XXV
THE JOY OF CHRIST
Wednesday in Passion Week
The last chapters of St. John—in particular from the thirteenth to the seventeenth—are worthy, more than anything else in the sacred writings, of the designation which has been given them, The Heart of Jesus. They are the language of the most intimate love, to the most intimate friends, in view of the greatest and most inconceivable of human sorrows. For, though the disciples—poor, humble, simple men—were dazed, confused, and misty up to the very moment when they were entering upon the greatest sorrow of their life, the Master who was leading them saw it all with perfect clearness. He saw perfectly not only the unspeakable humiliation and anguish that were before himself, but the disappointment, the terror, the dismay, the utter darkness and despair that were just before these humble, simple friends who had invested all their love and hope in him.
When we think of this it will seem all the more strange, the more unworldly and divine to find that in these very chapters our Lord speaks more often, and with more emphasis, of Joy than in any other part of the New Testament. In the fifteenth he says, "These things have I spoken unto you that my joy might remain in you, and that your joy might be full." And again, in his prayer for them, he says, "And now come I to thee; and these things I speak in the world that they might have my joy fulfilled in themselves." He speaks of his joy as a treasure he longed to impart—as something which overflowed his own soul, and sought to equalize itself by flowing into the souls of his friends. He was not only full of joy, but he had fullness of joy to give away.
This joy of Christ in the approach of extremest earthly anguish and sorrow is one of the beautiful mysteries of our faith. It is a holy night-flower, opening only in darkness, and shedding in the very shadow of death light and perfume; or like the solemn splendor of the stars, to be seen only in the deepest darkness.

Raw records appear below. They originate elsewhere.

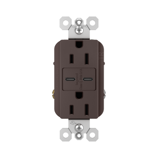 radiant® 3.1A USB Outlet, Type C, 15A, Tamper-Resistant, Dark Bronze
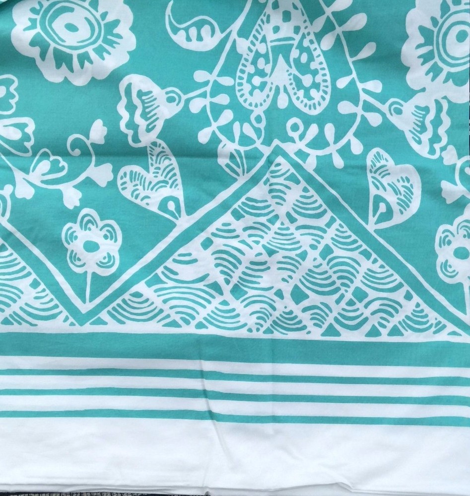 pottery barn teen PBteen Natalia Floral Duvet Cover only Size: queen 90 x 88" 100% printed cotton percale. Color: white, pool, see pictures Dress the bed with a fanciful flourish. Chains of baroque blooms stand out in bright white against the colorful cotton ground of our Natalia bedding. The duvet cover is bordered by stylized pyramids and crisp stripes. Duvet cover reverse to self. Machine wash. Imported. New in Original Packages from a smoke free, pet friendly home!
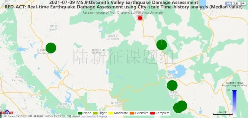 圖4 20210708美國(guó)內(nèi)華達(dá)州5.9級(jí)地震不同臺(tái)站地震記錄破壞力分布圖
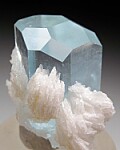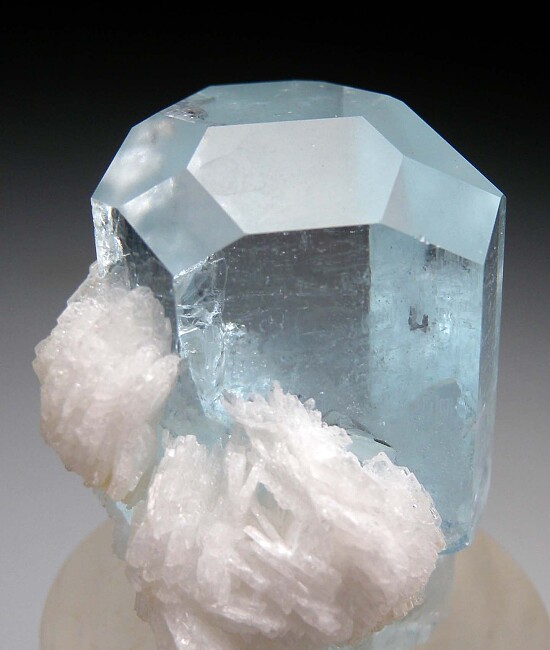 Gemmy blue Aquamarine crystal with attached snow-white Albite. The Aqua is clean and nearly pristine and has excellent blue color.
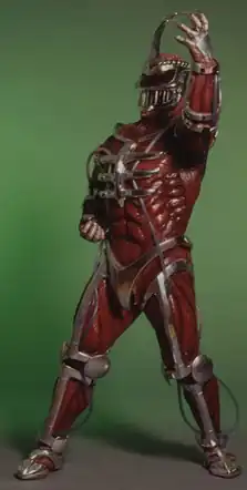 - Ransik, the Big Bad of Time Force, has what looks like the ability to pull bones from his body and turn them into swords. In the Wild Force/Time Force team-up "Reinforcements From The Future" we see exactly how he got the ability to do that: he frees the life essences of three fossilized Orgs, who literally jump down his throat and copy his DNA to create their new bodies. There's also the horrific disfiguration of his face and the liquid-mercury boils that erupt from his body when his disease flares up. During the Season Finale for Time Force, he takes out all the Rangers by simply punching them before pulling a Heel Face Turn, which is the only thing that spared the rangers.
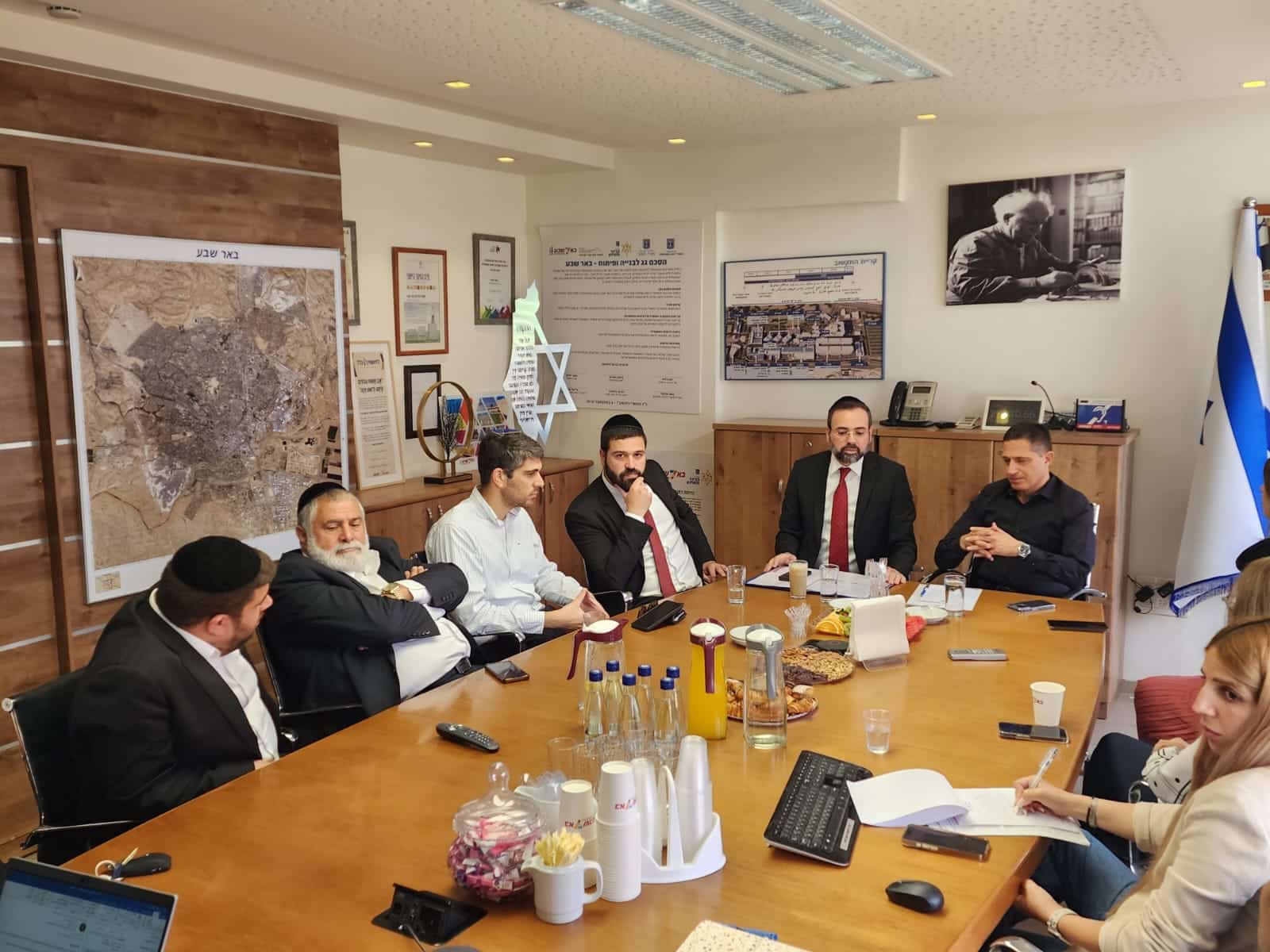 במסגרת הביקור בבירת הנגב קיים השר ישיבת עבודה באולם מועצת העיר יחד עם ראש העיר דנילוביץ', סגן ראש העיר אושרי אביכזר, מנכ"לית העירייה אבישג אבטובי, חברי מועצה, מנהלי אגפים וגורמים נוספים בעירייה.

In the representations made of our Lord as a man of sorrows we are too apt to forget the solemn emphasis with which he asserts this fullness of joy. But let us look at his position on the mere human side. At the hour when he thus spoke he knew that, so far as the salvation of his nation was concerned, his life-work had been a failure. His own people had rejected him and had bargained with a member of his own family to betray him. He knew the exact details of the scourging, the scoffing, the taunts, the torture, the crucifixion; and to a sensitive soul the hour of approach to a great untried agony is often the hour of bitterest trial. It is when we foresee a great trouble in the dimness of to-morrow that our undisciplined hearts grow faint and fail us. But he who had long foreseen—who had counted in advance—every humiliation, every sorrow, and every pain, spoke at the same time of his joy as an overflowing fullness. He spoke of his peace as something which he had a divine power to give away. The world saw that night a new sight—a sufferer who had touched the extreme of all earthly loss and sorrow, who yet stood, like a God, offering to give Peace and Joy—even fullness of joy. For our Lord intensifies the idea. He wants his children not to have joy merely, but to be full of joy. This is the meaning of the words to "have my joy fulfilled in them."
We shall see in the affecting history of the next few hours of the life of Jesus that this heavenly joy was capable of a temporary obscuration. He was aware that a trial was coming from a direct collision with the Evil Spirit. "The Prince of this world cometh, but hath nothing in me."
Yet we cannot but feel that the mysterious agonies of Gethsemane, that wrung the blood-drops from his heart, were in part due to that conflict with cruel and malignant spirits. It is the greatest possible help to our poor sorrowful nature that these struggles, these strong cryings and bitter tears of our Lord, have been recorded, because it helps us to feel that he was not peaceful because he was passionless—that his joy and peace did not come from the serenity of a nature incapable of sorrow and struggles like ours. There are passages in the experience of such saints as Madame Guyon that seem like the unnatural exaltations of souls exceptionally indifferent to circumstances; nothing makes any difference to them; one thing is just as good as another. But in the experience of Jesus we see our own most shrinking human repellencies. We see that there were sufferings that he dreaded with his whole soul; sorrows which he felt to be beyond even his power of endurance; and so when he said, "Not my will, but Thy will," he said it with full vision of what he was accepting; and in that unshaken, that immovable oneness of will with the Father lay the secret of his joy and victory.
It is a great and solemn thing for us to think of this joy of Christ in sorrow. It is something that we can know only in and by sorrow. But sorrows are so many in this world of ours! Griefs, sickness, disappointment, want, death, so beset our footsteps that it is worth everything to us to think of that joy of Christ that is brightest as the hour grows darkest. It is a gift. It is not in us. We cannot get it by any human reasonings or the mere exercise of human will, but we can get it as a free gift from Jesus Christ.
If in the hour of his deepest humiliation and suffering he had joy and peace to give away, how much more now, when he is exalted at the right hand of God, to give gifts unto men! Poor sorrowful, suffering, struggling souls, Christ longs to comfort you. "I will give to him that is athirst the water of life freely." "Come unto me, all ye that labor and are heavy laden, and I will give you rest."